На очередном подпольном собрании, проходившем глубокой ночью где-то на окраине Рио, я встретил Грабоиса — он был в полном бешенстве, кипел от негодования и возмущения и не скрывал этого.
— Что это за дурацкая мысль — включать Скляра в состав делегации?! Я уже сказал руководству, что не имею к этому никакого отношения — ответственность целиком на тебе. Какого черта?…
— Скляр — один из виднейших художников-коммунистов, стойкий товарищ, активист.
Что ты имеешь против него?
— Он еврей… — проговорил Маурисио мрачно и в то же время нерешительно.
— Ты тоже, — ответил я.
— Вот именно поэтому, — и в дрогнувшем голосе члена политбюро БКП прозвучал такой страх, что мне стало его жалко.
А боялся он, что его отстранят от дела, которому был предан, что исключат из партии, выгонят из боевой траншеи. Тогда и я испытал страх — панический страх: все, что угодно, только бы не оказаться вне строя, когда все пойдут в бой, только бы не обвинили, что сыграл на руку врагу.
Из всего нажитого мною добра особо ценю я — независимо от истинной их ценности — те немногие вещи, которые получил в подарок от друзей, не склонных, по общему мнению, к излишней щедрости, а, напротив, — пользующихся репутацией людей скуповатых.
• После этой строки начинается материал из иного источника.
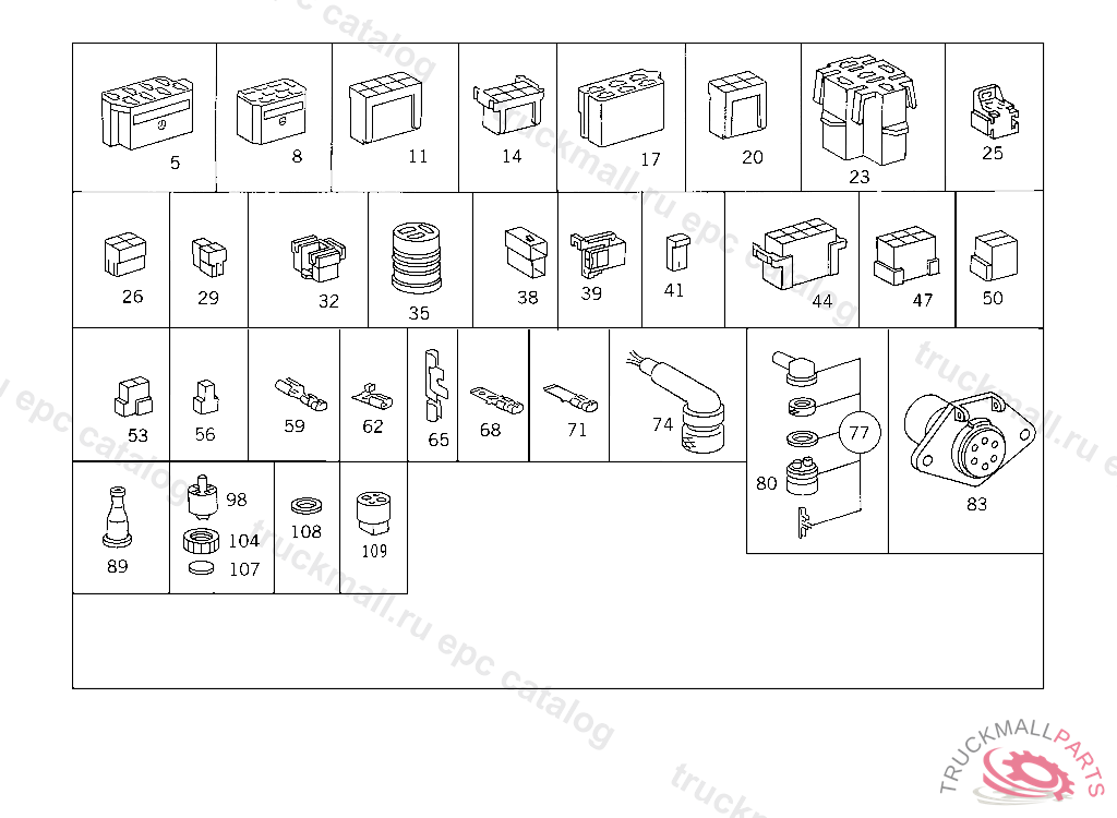 PIN BUSHING HOUSING. PLUG HOUSING FROM CHASSIS/CAB CONNECTION POINT TO TACHOGRAPH

Так вот, все они, все без исключения, пали жертвой этой молвы, несправедливой и предвзятой.
Есть у меня, к примеру, коробка прямоугольной формы и изрядных размеров, я вожу ее с собой повсюду и храню в ней свои документы, корешки чеков, важнейшие бумаги, фотографии детей и карточки Зелии — одну недавнюю, другая сделана в 1945 году, когда мы познакомились. Коробку эту преподнес мне в подарок Доривал Каймми,[11] брат мой и едва ли не близнец. Карибе до сих пор не верит в подобную щедрость.
Рассказываю, как было дело. Доривал появился у меня однажды с коробкой под мышкой, и до того она мне понравилась, до того пришлась по вкусу, что я вначале стал ее расхваливать, а потом попросил в знак дружбы и уважения подарить. Он отвечал, что эту — никак невозможно, ибо коробка предназначена в подарок жене на день рождения. Но как только вернется в Рио, сейчас же вышлет мне точно такую же. Я не поверил в это обещание, да и кто бы поверил? Но, по словам поэта, «и невозможное возможно» — несколько дней спустя получил я из Рио коробку. В свидетели чуда я позвал Карибе и Мирабо.
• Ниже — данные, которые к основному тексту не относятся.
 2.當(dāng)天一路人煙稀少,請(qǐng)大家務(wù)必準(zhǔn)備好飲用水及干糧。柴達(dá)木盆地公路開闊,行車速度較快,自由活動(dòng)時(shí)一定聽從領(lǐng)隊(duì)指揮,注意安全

Этот сеньор Доривал Каймми, мой подельник и сообщник — если бы он занялся литературой, то написал бы мои романы, если бы я знал нотную грамоту, то сочинил бы всю его музыку, — признался, что этой коробкой хотел компенсировать мне те многочисленные трости, палки и посохи, которые он у меня украл, будто мало было тех, что я специально привозил ему из разных стран: как-то раз я проколесил по всей Европе и пересек Атлантику, не выпуская из руки огромный пастуший посох, добытый мною в Уэльсе, — длинный, тяжелый, суковатый. Много чего еще похитил у меня певец баиянских красот, но никогда не прощу ему радиоприемник, вывезенный из Москвы и подаренный мною дочери Паломе, в ту пору еще не вышедшей замуж. Доривал попросил одолжить его, он, дескать, хочет послушать репортажи с чемпионата мира по футболу — как раз начинались игры 1970 года — и, разумеется, заиграл. И никогда больше не увидела Палома своего маленького транзистора.
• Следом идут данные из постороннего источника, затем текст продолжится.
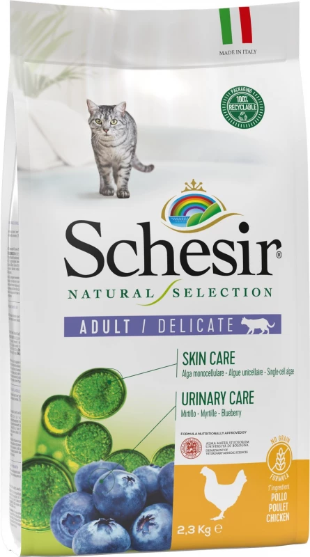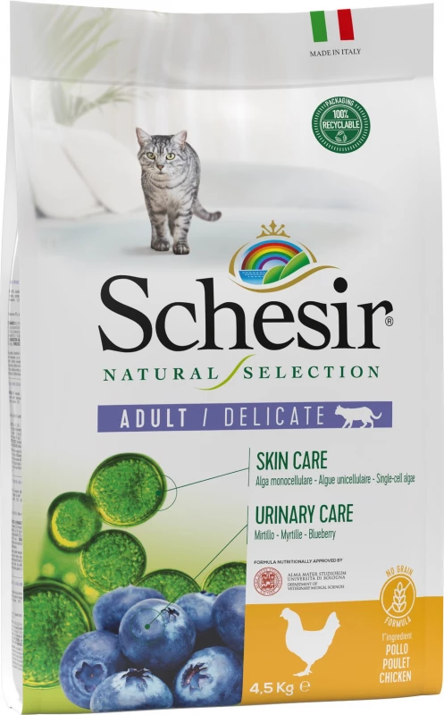 Schesir Natural Selection Adult met Kip is een complete en uitgebalanceerde voeding voor volwassen katten. Graanvrije en glutenvrije formule.

Он коллекционирует приемники, посохи, полудрагоценные камни и otras cositas mas.[12] Собираясь в гости к друзьям, он вешает на плечо вместительную сумку, размерами едва ли уступающую дорожному баулу, чтобы было куда прятать добычу. А как войдет в дом, так сразу и спросит, нет ли для него чего-нибудь интересненького, и оно, как правило, находится. Кто ж устоит перед такой умильной просьбой?! Там интересненькое, тут интересненькое, и, воротясь к семейному очагу, в объятия Стелы Марис, он вываливает на стол кучу трофеев, а потом любовно разбирает их, сортирует и раскладывает. Таков Доривал Каймми, мой кровный брат, композитор и поэт, доктор honoris causa, жрец на африканском радении-кандомбле, один из самых главных бразильцев.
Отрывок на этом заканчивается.